* _Information supplied_:

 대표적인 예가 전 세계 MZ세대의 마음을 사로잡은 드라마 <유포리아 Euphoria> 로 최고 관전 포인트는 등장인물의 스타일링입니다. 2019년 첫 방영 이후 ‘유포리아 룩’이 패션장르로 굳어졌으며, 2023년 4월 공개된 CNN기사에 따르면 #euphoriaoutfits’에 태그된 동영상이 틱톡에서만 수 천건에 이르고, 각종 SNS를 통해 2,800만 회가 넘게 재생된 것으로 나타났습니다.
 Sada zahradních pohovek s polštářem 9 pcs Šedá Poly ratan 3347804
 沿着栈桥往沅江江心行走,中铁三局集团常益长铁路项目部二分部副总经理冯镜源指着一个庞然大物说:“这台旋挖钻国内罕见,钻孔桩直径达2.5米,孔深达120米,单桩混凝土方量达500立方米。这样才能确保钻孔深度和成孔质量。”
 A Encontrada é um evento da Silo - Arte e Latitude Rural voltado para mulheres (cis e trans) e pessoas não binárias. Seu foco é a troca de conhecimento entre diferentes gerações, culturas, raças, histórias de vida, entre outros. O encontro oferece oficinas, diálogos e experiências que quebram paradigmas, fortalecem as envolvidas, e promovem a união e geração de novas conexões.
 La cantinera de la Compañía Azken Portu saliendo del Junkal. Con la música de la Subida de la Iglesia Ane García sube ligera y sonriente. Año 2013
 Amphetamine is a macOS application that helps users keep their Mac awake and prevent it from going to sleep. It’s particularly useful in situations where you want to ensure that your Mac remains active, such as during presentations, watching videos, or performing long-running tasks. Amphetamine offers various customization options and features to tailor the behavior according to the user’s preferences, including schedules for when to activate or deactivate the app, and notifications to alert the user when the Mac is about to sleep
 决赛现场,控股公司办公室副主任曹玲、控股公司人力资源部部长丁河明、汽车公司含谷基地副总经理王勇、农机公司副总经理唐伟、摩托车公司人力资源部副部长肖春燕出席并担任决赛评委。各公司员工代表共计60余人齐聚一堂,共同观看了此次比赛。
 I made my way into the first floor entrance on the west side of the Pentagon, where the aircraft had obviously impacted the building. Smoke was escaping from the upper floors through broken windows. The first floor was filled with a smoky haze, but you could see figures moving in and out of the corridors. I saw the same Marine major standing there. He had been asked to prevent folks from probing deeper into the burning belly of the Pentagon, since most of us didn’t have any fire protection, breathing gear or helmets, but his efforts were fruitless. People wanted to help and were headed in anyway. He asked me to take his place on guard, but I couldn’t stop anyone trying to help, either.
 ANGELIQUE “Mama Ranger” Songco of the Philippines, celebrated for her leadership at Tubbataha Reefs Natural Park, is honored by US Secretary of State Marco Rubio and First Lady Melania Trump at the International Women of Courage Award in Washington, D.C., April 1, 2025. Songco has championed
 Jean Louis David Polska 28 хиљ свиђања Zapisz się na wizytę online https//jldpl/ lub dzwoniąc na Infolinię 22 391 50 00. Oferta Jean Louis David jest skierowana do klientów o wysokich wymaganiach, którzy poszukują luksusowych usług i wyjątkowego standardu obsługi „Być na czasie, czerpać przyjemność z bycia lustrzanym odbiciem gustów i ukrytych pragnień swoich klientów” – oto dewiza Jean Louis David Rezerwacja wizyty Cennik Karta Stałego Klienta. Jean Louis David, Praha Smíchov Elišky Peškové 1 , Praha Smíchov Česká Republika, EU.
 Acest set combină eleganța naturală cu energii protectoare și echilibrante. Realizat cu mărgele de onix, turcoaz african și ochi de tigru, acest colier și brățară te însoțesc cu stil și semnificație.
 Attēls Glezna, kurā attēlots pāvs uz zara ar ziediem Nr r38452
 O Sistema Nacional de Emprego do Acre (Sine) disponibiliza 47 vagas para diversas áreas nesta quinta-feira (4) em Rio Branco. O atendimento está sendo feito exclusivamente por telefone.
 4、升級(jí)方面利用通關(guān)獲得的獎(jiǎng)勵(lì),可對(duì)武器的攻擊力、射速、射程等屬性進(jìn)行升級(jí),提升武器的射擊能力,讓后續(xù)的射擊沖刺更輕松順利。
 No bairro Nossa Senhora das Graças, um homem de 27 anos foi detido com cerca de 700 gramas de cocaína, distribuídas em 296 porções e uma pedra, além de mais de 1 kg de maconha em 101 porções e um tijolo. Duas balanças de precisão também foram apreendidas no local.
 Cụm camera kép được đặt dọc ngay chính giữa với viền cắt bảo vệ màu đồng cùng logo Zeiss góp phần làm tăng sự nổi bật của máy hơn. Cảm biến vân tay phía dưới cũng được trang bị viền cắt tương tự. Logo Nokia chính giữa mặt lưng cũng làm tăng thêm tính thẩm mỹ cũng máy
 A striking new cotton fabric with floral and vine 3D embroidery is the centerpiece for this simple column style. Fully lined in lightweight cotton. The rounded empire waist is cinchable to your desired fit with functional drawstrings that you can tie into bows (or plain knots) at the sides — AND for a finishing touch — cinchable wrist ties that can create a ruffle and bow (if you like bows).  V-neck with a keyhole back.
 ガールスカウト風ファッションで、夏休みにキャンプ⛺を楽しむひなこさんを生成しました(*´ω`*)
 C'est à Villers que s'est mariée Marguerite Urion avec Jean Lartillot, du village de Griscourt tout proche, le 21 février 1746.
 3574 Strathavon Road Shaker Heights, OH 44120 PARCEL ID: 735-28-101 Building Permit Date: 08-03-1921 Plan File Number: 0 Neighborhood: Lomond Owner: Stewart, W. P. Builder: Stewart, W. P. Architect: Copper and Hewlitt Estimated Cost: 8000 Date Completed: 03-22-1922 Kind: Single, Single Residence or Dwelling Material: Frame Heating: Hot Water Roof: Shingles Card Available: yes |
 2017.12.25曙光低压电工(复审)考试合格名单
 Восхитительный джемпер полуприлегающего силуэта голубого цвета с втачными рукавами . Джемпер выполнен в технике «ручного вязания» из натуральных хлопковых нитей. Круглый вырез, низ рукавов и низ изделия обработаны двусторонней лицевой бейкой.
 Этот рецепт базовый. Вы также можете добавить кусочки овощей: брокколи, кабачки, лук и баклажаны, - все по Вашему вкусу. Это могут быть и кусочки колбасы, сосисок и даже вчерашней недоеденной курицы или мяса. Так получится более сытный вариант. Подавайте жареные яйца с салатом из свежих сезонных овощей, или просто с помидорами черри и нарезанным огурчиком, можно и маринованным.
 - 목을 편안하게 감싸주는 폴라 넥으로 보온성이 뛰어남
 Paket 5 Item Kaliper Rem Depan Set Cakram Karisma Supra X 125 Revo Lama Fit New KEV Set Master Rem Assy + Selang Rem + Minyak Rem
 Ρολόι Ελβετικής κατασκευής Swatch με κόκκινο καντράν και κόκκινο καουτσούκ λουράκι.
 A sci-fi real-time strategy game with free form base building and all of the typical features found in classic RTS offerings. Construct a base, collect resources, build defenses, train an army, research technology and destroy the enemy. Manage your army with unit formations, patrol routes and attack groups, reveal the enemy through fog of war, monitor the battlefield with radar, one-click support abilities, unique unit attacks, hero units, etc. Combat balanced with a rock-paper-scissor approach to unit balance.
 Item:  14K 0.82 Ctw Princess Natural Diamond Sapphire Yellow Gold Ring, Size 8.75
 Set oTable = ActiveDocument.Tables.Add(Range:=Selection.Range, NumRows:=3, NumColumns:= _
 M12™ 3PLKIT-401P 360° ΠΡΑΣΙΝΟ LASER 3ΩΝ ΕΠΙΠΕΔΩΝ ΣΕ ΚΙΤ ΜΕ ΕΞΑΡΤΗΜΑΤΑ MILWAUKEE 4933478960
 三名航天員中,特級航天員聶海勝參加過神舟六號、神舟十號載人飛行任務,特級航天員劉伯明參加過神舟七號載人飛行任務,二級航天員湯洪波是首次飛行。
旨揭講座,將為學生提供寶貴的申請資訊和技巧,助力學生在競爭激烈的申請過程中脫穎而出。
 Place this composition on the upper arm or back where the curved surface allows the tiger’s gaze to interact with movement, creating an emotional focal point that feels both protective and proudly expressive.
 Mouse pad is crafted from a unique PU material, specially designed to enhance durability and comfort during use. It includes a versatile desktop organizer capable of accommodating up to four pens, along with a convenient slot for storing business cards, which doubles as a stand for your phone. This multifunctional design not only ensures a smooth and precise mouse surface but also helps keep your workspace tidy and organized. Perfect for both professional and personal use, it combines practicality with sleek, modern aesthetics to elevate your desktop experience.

* _Your task_:
Take the lines from the first line of the listing up to and including the line with "沿着栈桥往沅江江心行走,中铁" and give them again exactly.

* _Result for this task_:
 대표적인 예가 전 세계 MZ세대의 마음을 사로잡은 드라마 <유포리아 Euphoria> 로 최고 관전 포인트는 등장인물의 스타일링입니다. 2019년 첫 방영 이후 ‘유포리아 룩’이 패션장르로 굳어졌으며, 2023년 4월 공개된 CNN기사에 따르면 #euphoriaoutfits’에 태그된 동영상이 틱톡에서만 수 천건에 이르고, 각종 SNS를 통해 2,800만 회가 넘게 재생된 것으로 나타났습니다.
 Sada zahradních pohovek s polštářem 9 pcs Šedá Poly ratan 3347804
 沿着栈桥往沅江江心行走,中铁三局集团常益长铁路项目部二分部副总经理冯镜源指着一个庞然大物说:“这台旋挖钻国内罕见,钻孔桩直径达2.5米,孔深达120米,单桩混凝土方量达500立方米。这样才能确保钻孔深度和成孔质量。”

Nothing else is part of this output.